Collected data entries
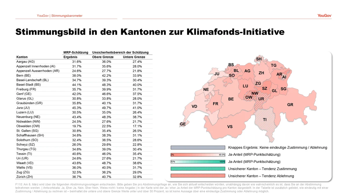 Im Falle der Klimafonds-Initiative zeigt sich wiederum ein eindeutiges kantonales Stimmungsbild. Die höchste Zustimmung erhält die Initiative aktuell in der Westschweiz sowie im Kanton Basel-Stadt. Allerdings liegen auch bei Berücksichtigung der statistischen Unsicherheit der Schätzungen die Werte in jedem Kanton klar unter der 50%-Grenze.
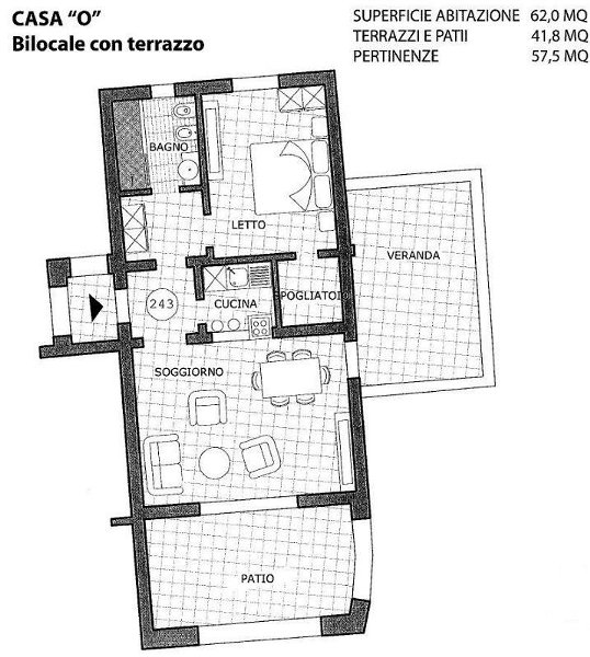 Bilocale con angolo cottura situato in un bel contesto residenziale con piscina condominiale fruibile da tutti gli ospiti. Dispone di una camera da letto matrimoniale con cabina armadio e di un divano letto nella zona giorno che si apre su un patio e su un terrazzo con vista panoramica sul mare. Grazie alla sua posizione, comodissimo è l’accesso alla spiaggia. Non lontano dalle utenze primarie che sono a pochi minuti di auto, è adatto a coppie e a famiglie con bambini.
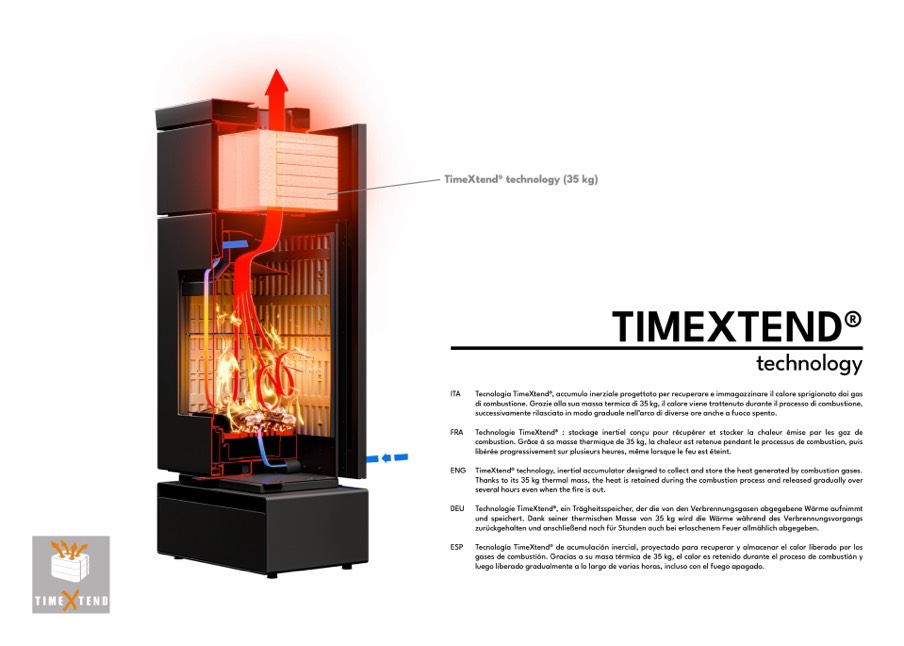 Thanks to its 35 kg thermal mass, the heat is retained during the combustion process and released gradually over
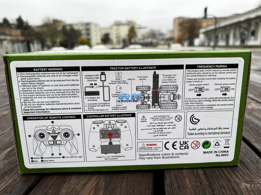 A csomag 3,7 V-os 500 mAh-s elemet tartalmaz a traktorba szerelve, míg a távirányítóhoz két darab 1,5 V-os AA elem szükséges, amelyeket nem tartalmaz. A jármű CE tanúsítvánnyal rendelkezik, és megfelel az EN 71 szabványnak is. A játék minden 3 év feletti gyermek számára alkalmas.
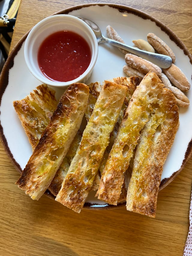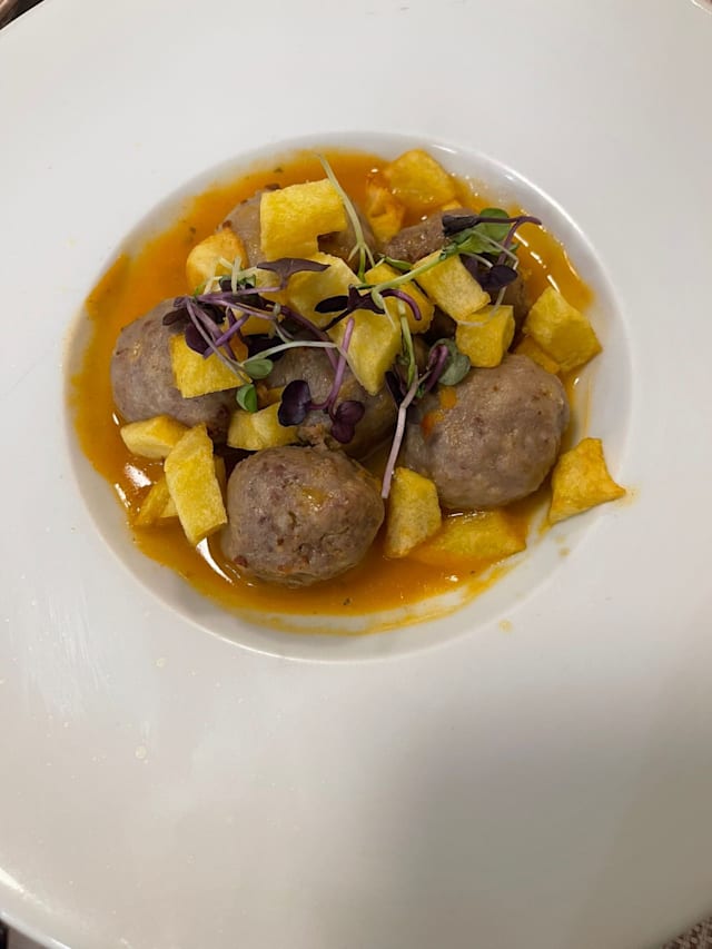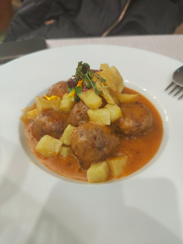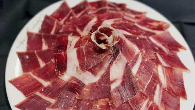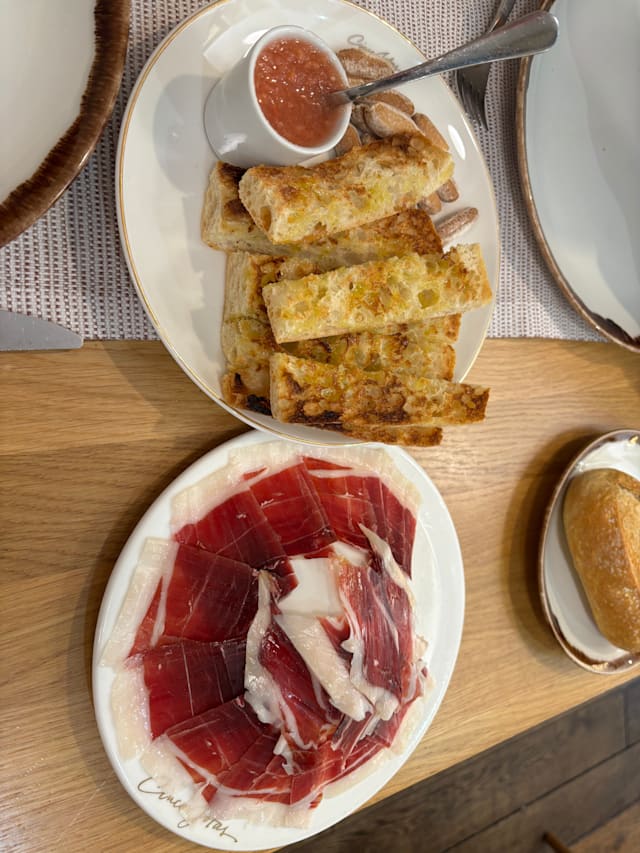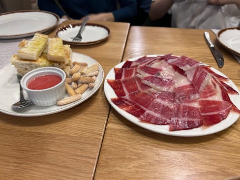 8.5/10The jamón iberico 100% bellota served on bread with olive oil and tomato compote were probably the best we've had in Madrid. Definitely worth coming for!
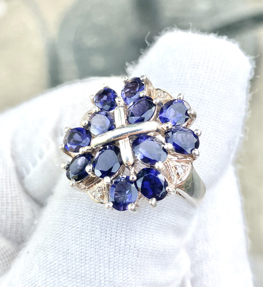 Oval Cut Iolite Cluster Ring with Diamond Accents

What to do
The lines to copy exactly start with the line above that has "Bilocale con angolo" and go on through the line that has "Thanks to its"; please include both, add nothing else, and omit the pictures.

Solution
 Bilocale con angolo cottura situato in un bel contesto residenziale con piscina condominiale fruibile da tutti gli ospiti. Dispone di una camera da letto matrimoniale con cabina armadio e di un divano letto nella zona giorno che si apre su un patio e su un terrazzo con vista panoramica sul mare. Grazie alla sua posizione, comodissimo è l’accesso alla spiaggia. Non lontano dalle utenze primarie che sono a pochi minuti di auto, è adatto a coppie e a famiglie con bambini.
 Thanks to its 35 kg thermal mass, the heat is retained during the combustion process and released gradually over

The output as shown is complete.